AVAILABLE DATA
◇ ◇ ◇

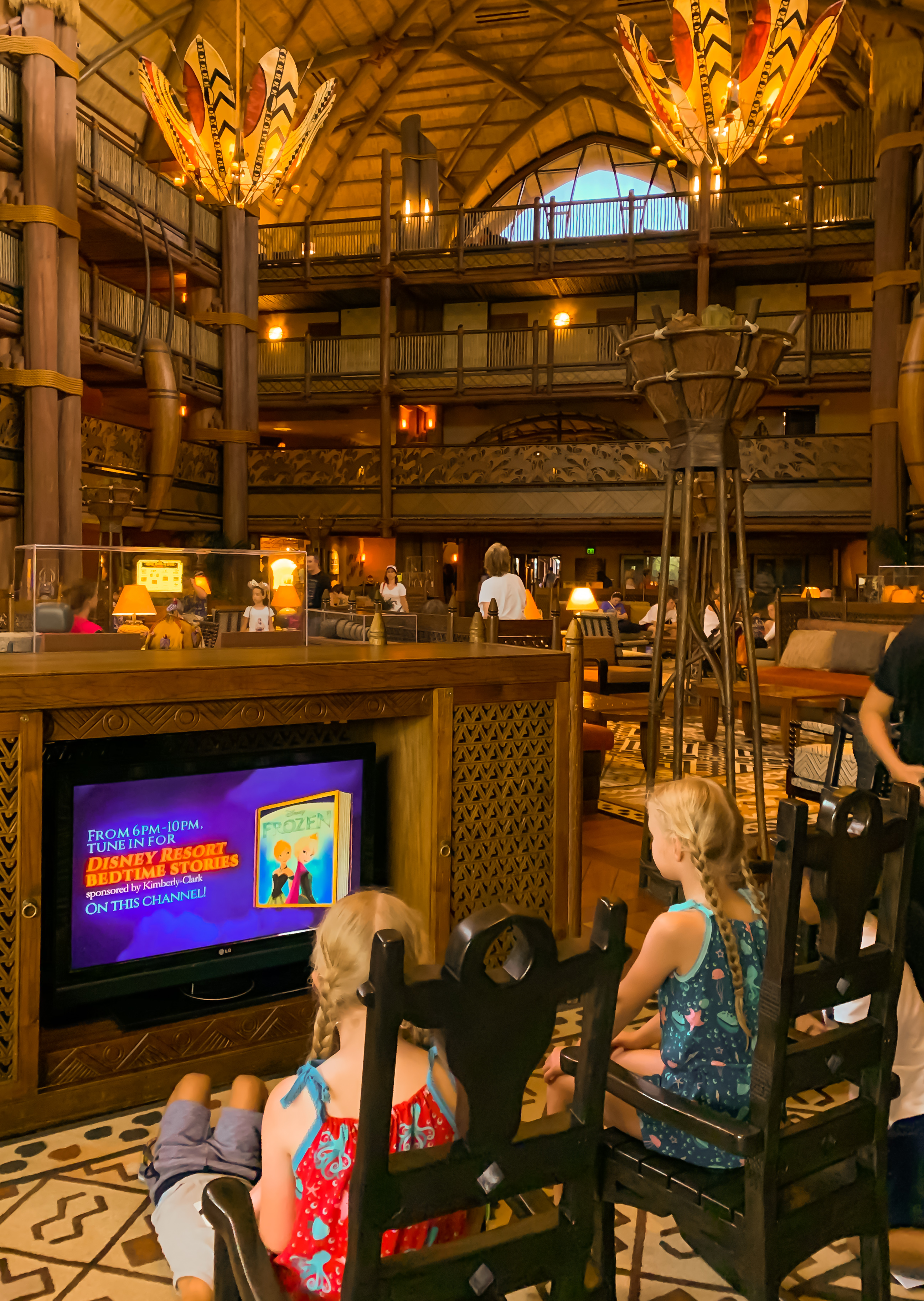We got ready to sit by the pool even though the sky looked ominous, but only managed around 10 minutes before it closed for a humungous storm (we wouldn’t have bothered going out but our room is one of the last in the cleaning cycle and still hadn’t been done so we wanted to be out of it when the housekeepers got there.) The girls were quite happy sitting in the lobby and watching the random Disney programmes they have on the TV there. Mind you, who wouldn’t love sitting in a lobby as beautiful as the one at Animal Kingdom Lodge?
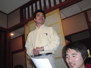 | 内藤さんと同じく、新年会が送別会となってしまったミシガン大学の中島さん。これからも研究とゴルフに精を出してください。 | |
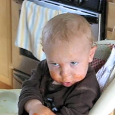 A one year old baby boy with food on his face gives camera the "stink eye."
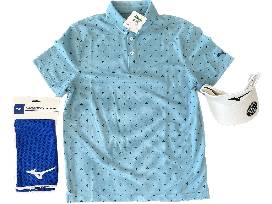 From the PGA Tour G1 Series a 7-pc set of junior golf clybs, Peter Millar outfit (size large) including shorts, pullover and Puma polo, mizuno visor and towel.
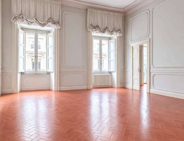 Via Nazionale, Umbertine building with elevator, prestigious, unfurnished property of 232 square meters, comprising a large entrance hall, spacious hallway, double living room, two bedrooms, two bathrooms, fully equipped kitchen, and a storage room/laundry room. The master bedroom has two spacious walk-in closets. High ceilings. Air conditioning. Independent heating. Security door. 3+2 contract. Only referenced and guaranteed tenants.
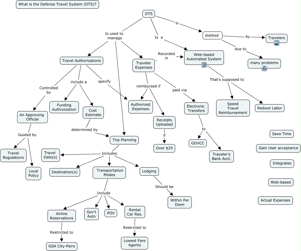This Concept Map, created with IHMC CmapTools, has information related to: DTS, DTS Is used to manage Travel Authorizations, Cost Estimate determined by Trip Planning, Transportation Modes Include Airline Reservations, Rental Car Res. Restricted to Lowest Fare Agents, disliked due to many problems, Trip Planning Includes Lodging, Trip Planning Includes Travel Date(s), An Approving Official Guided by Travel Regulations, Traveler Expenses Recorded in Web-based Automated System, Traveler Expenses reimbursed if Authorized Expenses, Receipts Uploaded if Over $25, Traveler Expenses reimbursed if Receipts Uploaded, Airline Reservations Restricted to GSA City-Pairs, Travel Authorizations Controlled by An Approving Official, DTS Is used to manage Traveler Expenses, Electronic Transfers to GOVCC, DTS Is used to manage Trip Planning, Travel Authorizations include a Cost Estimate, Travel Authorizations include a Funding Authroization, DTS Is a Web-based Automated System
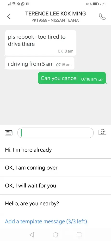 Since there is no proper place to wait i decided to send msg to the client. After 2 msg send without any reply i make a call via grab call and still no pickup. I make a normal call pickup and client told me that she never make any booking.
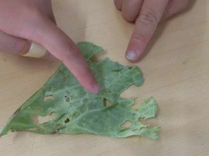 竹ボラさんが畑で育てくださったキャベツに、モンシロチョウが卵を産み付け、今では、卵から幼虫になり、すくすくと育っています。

◇ ◇ ◇

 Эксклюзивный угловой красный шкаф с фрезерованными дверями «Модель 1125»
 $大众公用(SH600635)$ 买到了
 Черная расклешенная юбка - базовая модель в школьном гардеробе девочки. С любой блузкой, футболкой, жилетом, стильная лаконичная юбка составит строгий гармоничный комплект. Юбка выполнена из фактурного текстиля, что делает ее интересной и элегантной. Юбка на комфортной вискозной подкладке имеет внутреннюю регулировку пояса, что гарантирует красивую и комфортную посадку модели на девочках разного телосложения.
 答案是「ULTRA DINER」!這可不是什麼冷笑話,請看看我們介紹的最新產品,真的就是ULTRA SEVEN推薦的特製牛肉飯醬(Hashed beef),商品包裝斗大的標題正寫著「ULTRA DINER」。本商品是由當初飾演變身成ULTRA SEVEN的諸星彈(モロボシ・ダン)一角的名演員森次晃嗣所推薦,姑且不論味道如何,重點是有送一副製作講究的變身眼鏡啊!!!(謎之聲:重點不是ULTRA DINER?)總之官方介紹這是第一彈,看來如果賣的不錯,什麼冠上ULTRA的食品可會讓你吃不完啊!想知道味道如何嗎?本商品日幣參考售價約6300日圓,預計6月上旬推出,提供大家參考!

◇ ◇ ◇

WHAT YOU SHOULD DO
Your answer must be the exact lines from the records above, from the one containing "内藤さんと同じく、新年会が送別会となってしまったミシガン大学の中島さん。これからも研究とゴルフに精を出してください。 | |" through the one containing "From the PGA", both included, with every picture left out.

RESULT BELOW
 | 内藤さんと同じく、新年会が送別会となってしまったミシガン大学の中島さん。これからも研究とゴルフに精を出してください。 | |
 A one year old baby boy with food on his face gives camera the "stink eye."
 From the PGA Tour G1 Series a 7-pc set of junior golf clybs, Peter Millar outfit (size large) including shorts, pullover and Puma polo, mizuno visor and towel.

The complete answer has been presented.